---------- Source data ----------
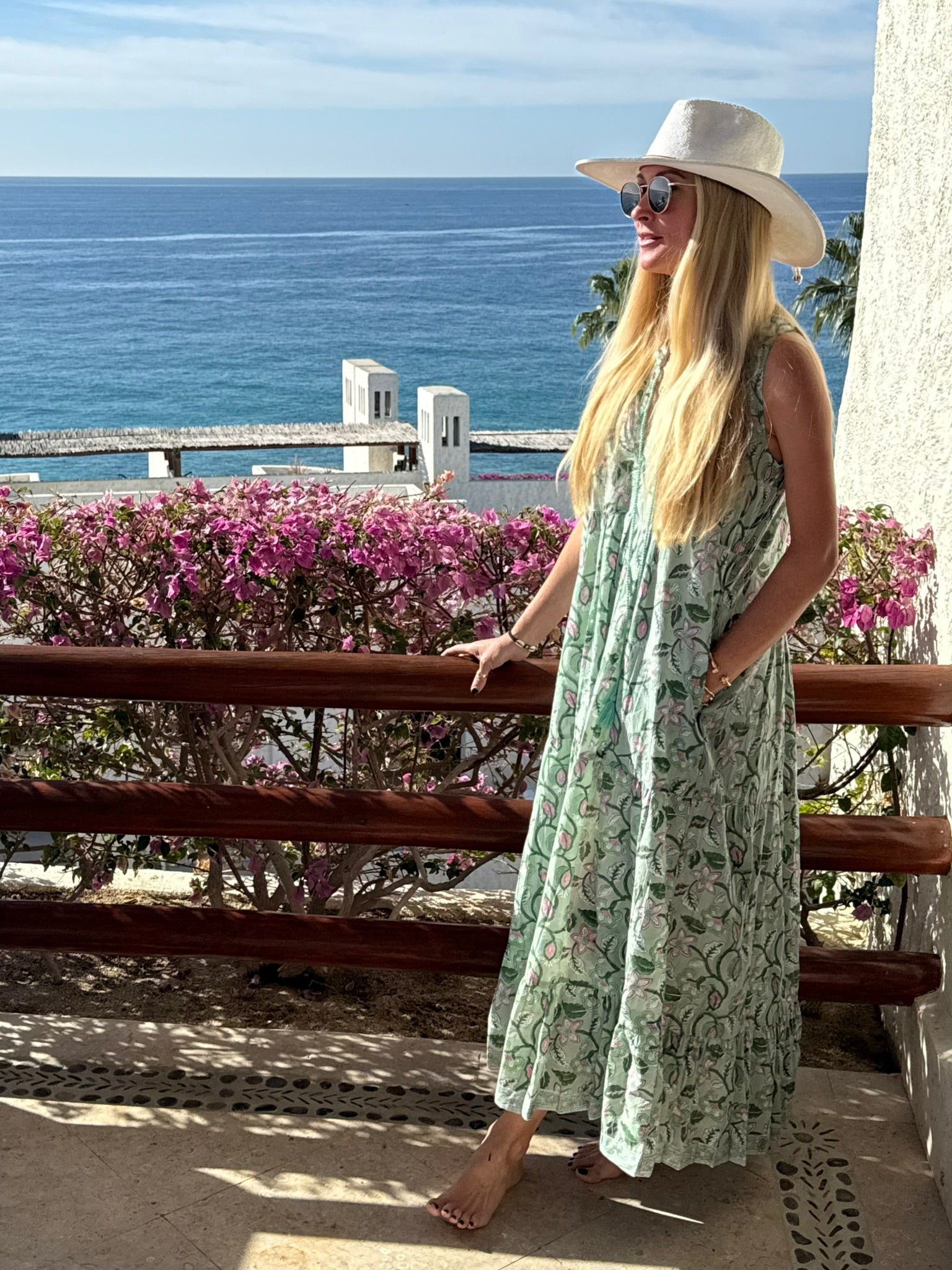 The perfect free-flowing, spring day dress. Ankle length and made from 100% Cotton, the ruffled details give this sleeveless, v-neckline dress an airy, feminine feel.
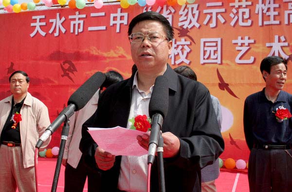 在當(dāng)天的授牌儀式上,麥積區(qū)委副書記賈應(yīng)珍代表區(qū)四大組織向為省級示范高中成功創(chuàng)建做出不懈努力的全校師生員工致以熱烈的祝賀和親切的問候。他在講話中指出,省級示范性高中的掛牌命名是榮譽(yù)、是品牌,更是責(zé)任、是使命,區(qū)委、區(qū)政府希望市二中要以此為新的起點,倍加珍惜和努力,盡所能,傾全力,充分發(fā)揮好典范和高考排頭兵作用,為譜寫麥積教育的新篇章做出更大的貢獻(xiàn)。
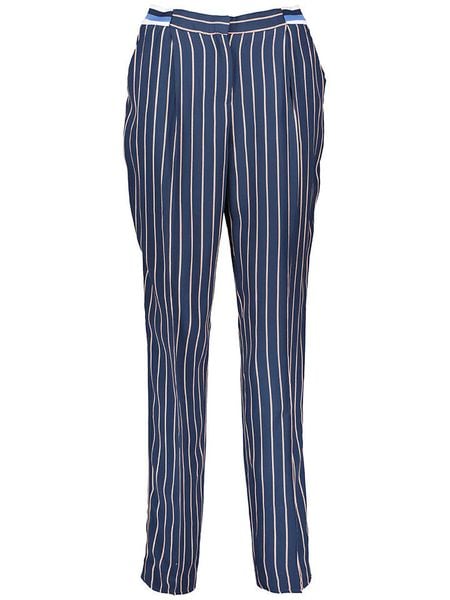 – czysta wiskoza- wysokość pasa: high waist- fason: regular fit- krój nogawek: prosty- zapięcie: haczyk i suwak- kieszenie: wpuszczane- wzór: paski
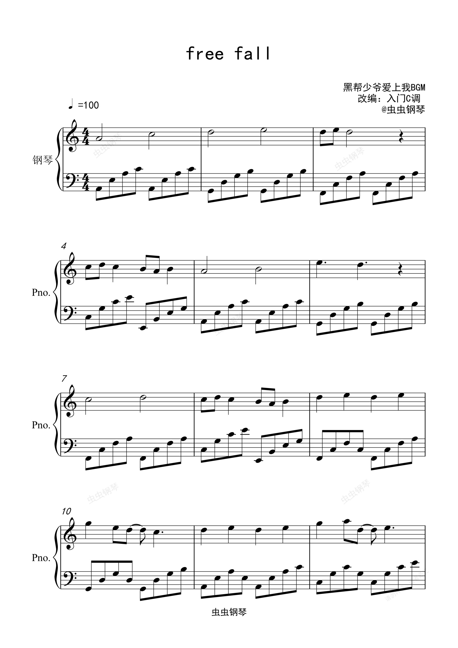 钢琴谱:《黑帮少爷爱上我》BGM《free fall》入门C调简单版
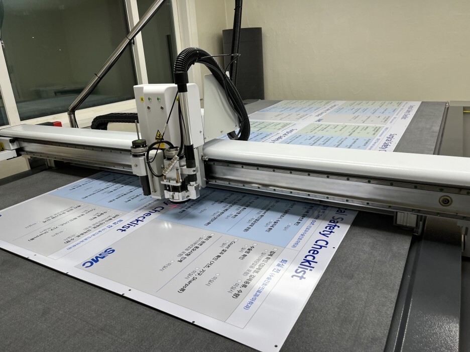 고객님께서 원하시는 사이즈가 있으셨기에 정확한 사이즈 커팅을 위해 평판커팅기를 사용하였으며
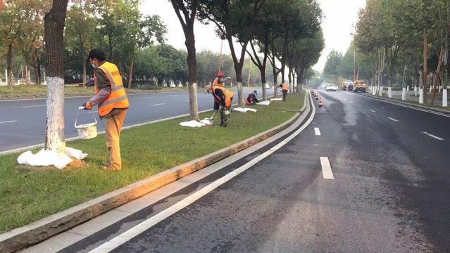 公司嚴(yán)格要求刷白“精細(xì)化”養(yǎng)護(hù)標(biāo)準(zhǔn),首先根據(jù)喬木、花卉類樹木的特性,區(qū)別了刷白高度;其次,在刷白時(shí)采取了墊襯措施,確保地面和地被植物干凈美觀;最后,按照止口平整,高度一致,刷白均勻,不留死角的要求,在城區(qū)多主干道和公園同時(shí)開展刷白工作。
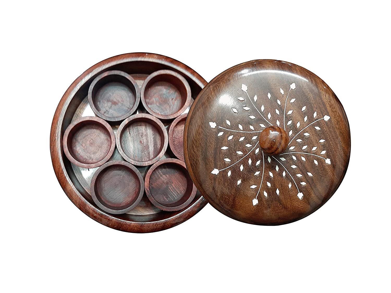 Round Sheesham Wooden Masala Box / Spice Box and Spoon
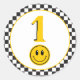 One Happy Dude Smile Emoji Chequered First Birthda Classic Round Sticker
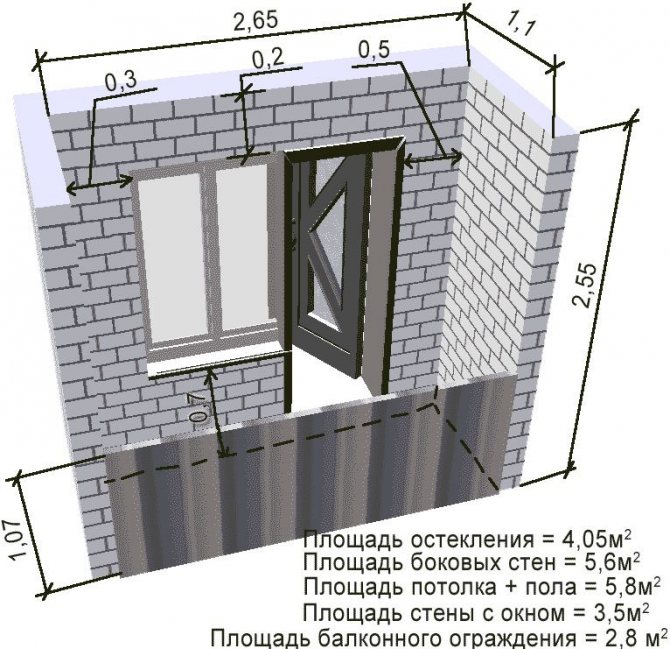 La structure sur laquelle la fenêtre sera installée dans ce cas sera la balustrade du balcon, de sorte que la largeur de la fenêtre sera égale à sa longueur. Étant donné que la combinaison des parties latérales et avant de la structure sera réalisée en installant le profilé d'angle à l'endroit requis, leur largeur doit être soustraite de la longueur de la clôture - ce sera la largeur de la nouvelle fenêtre.
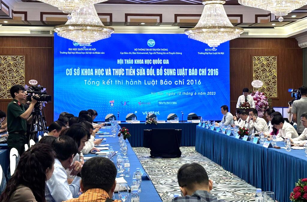 L'Université des sciences sociales et humaines relevant l'Université nationale de Hanoï en collaboration avec le ministère de l'Information et des Communications et l'Université de droit de Hanoï ont tenu le 10 juin, à Hanoï, une conférence scientifique nationale "Base scientifique et pratique pour amender la loi sur la presse 2016". Il s'agit d'une conférence pour examiner la mise en œuvre de la loi sur la presse de 2016, l'un des programmes de travail pour 2023 du ministère de l'Information et des Communications visant à la modifier et la compléter.
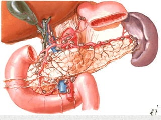 Este documento describe la exploración ecográfica del páncreas, incluyendo su ecoanatomía, tamaño y posición típicos. Explica cinco planos de corte utilizados para estudiar diferentes partes del páncreas, como la cabeza, el cuello y el cuerpo. Estos cortes longitudinales y transversales permiten evaluar la estructura y medidas del páncreas.
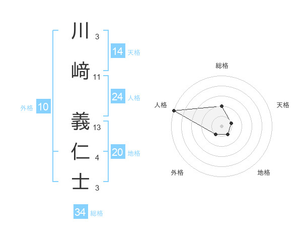 川﨑 義仁士さんの総格は34画の2点!
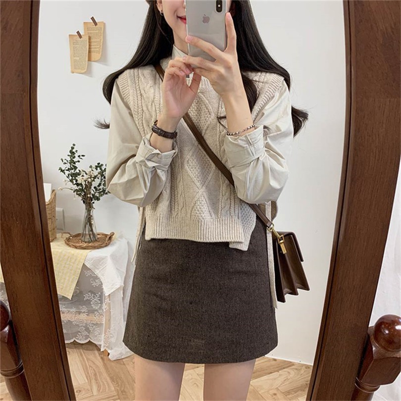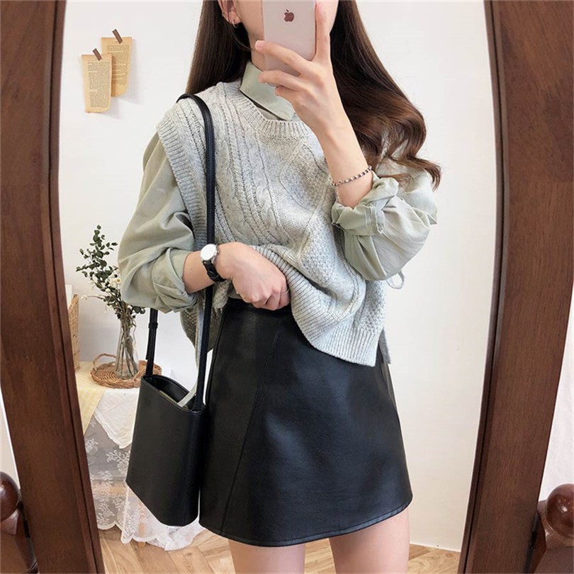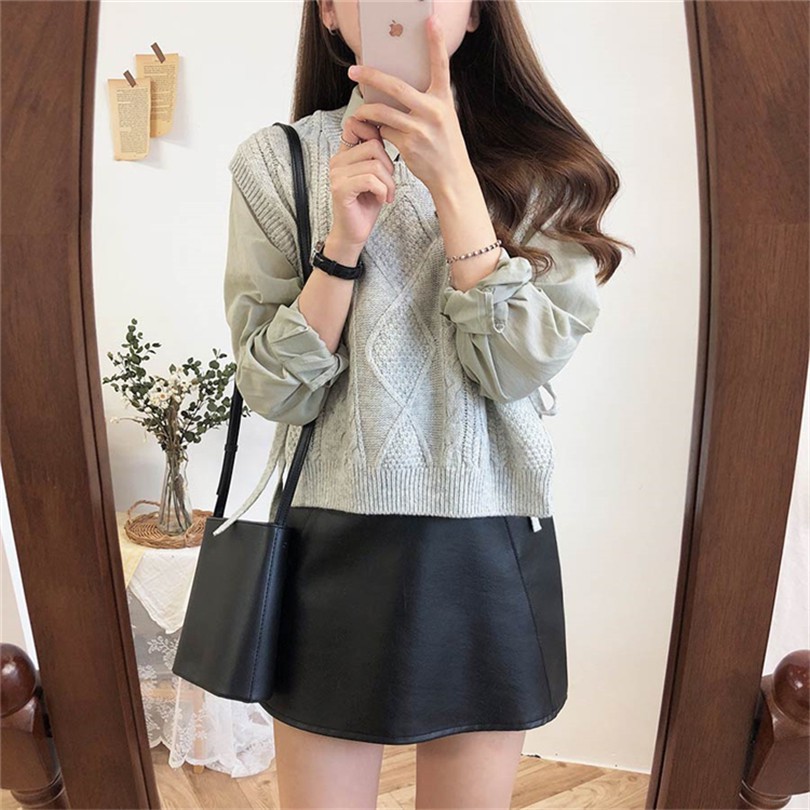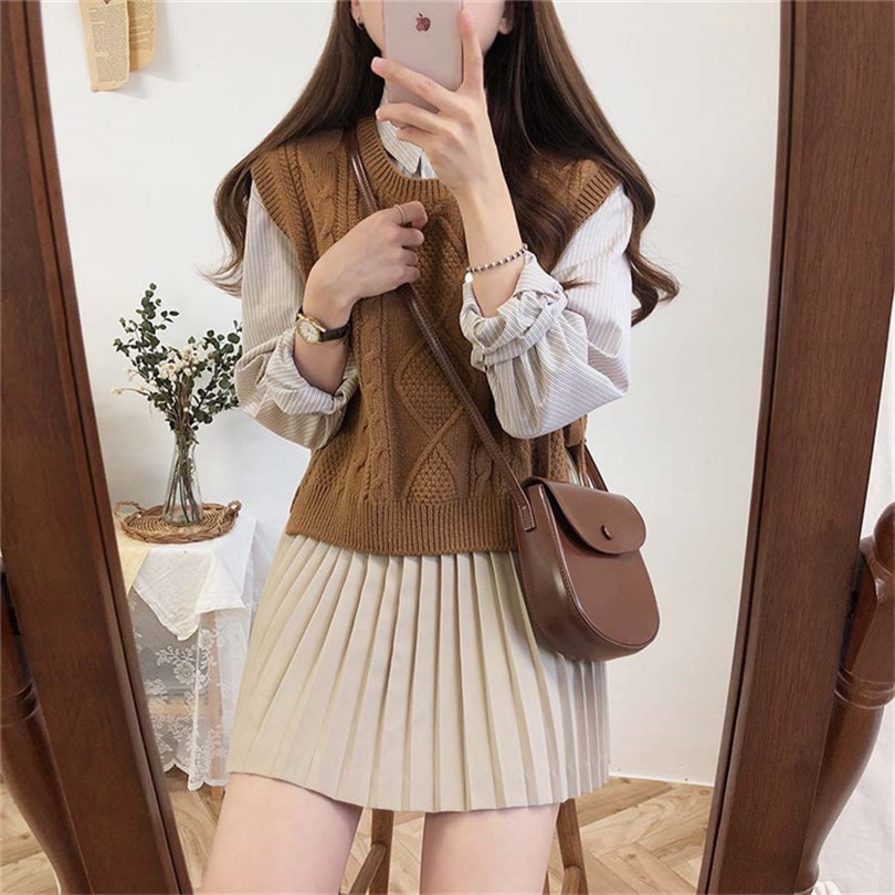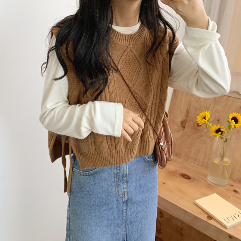 เสื้อกั๊กกันหนาว คอกลม แขนกุด ผ้าถัก ทรงหลวม สไตล์เกาหลี สําหรับผู้หญิง
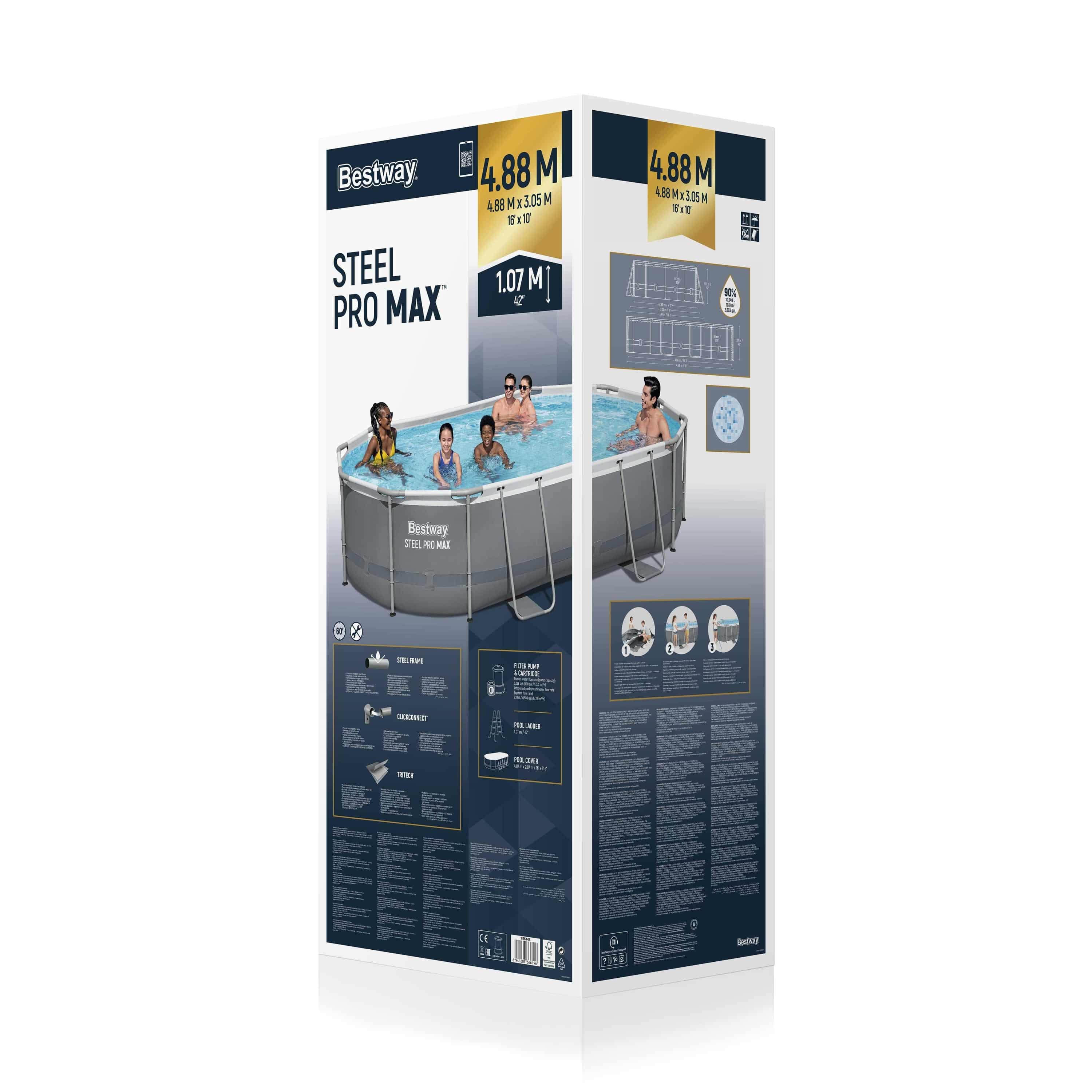 מהבחינה הטכנית, מידות הבריכה הן 404 × 201 × 100 ס״מ, עם קיבולת מים של 6,478 ליטר (90%). שלדת הפלדה עמידה בפני קורוזיה וכוללת מחברי ClickConnect™ להרכבה קלה ומהירה ולמניעת מגע מתכת-במתכת. זמן ההתקנה המשוער הוא כ־40 דקות בעזרת 2–3 אנשים. הבריכה מגיעה עם סולם בגובה 107 ס״מ, משאבת סינון ומחסנית פילטר, וכן שסתום ניקוז מובנה עם חיבור לצינור גינה (כולל מתאם). ספיקת המשאבה עומדת על 2,006 ליטר לשעה, וספיקת המערכת הכוללת על 1,817 ליטר לשעה.
----------
▶ Problem details
The answer must consist solely of the lines from the first line of the records through the line containing "在當(dāng)天的授牌儀式", reproduced exactly and without the pictures.

▶ Answer to the problem
 The perfect free-flowing, spring day dress. Ankle length and made from 100% Cotton, the ruffled details give this sleeveless, v-neckline dress an airy, feminine feel.
 在當(dāng)天的授牌儀式上,麥積區(qū)委副書記賈應(yīng)珍代表區(qū)四大組織向為省級示范高中成功創(chuàng)建做出不懈努力的全校師生員工致以熱烈的祝賀和親切的問候。他在講話中指出,省級示范性高中的掛牌命名是榮譽(yù)、是品牌,更是責(zé)任、是使命,區(qū)委、區(qū)政府希望市二中要以此為新的起點,倍加珍惜和努力,盡所能,傾全力,充分發(fā)揮好典范和高考排頭兵作用,為譜寫麥積教育的新篇章做出更大的貢獻(xiàn)。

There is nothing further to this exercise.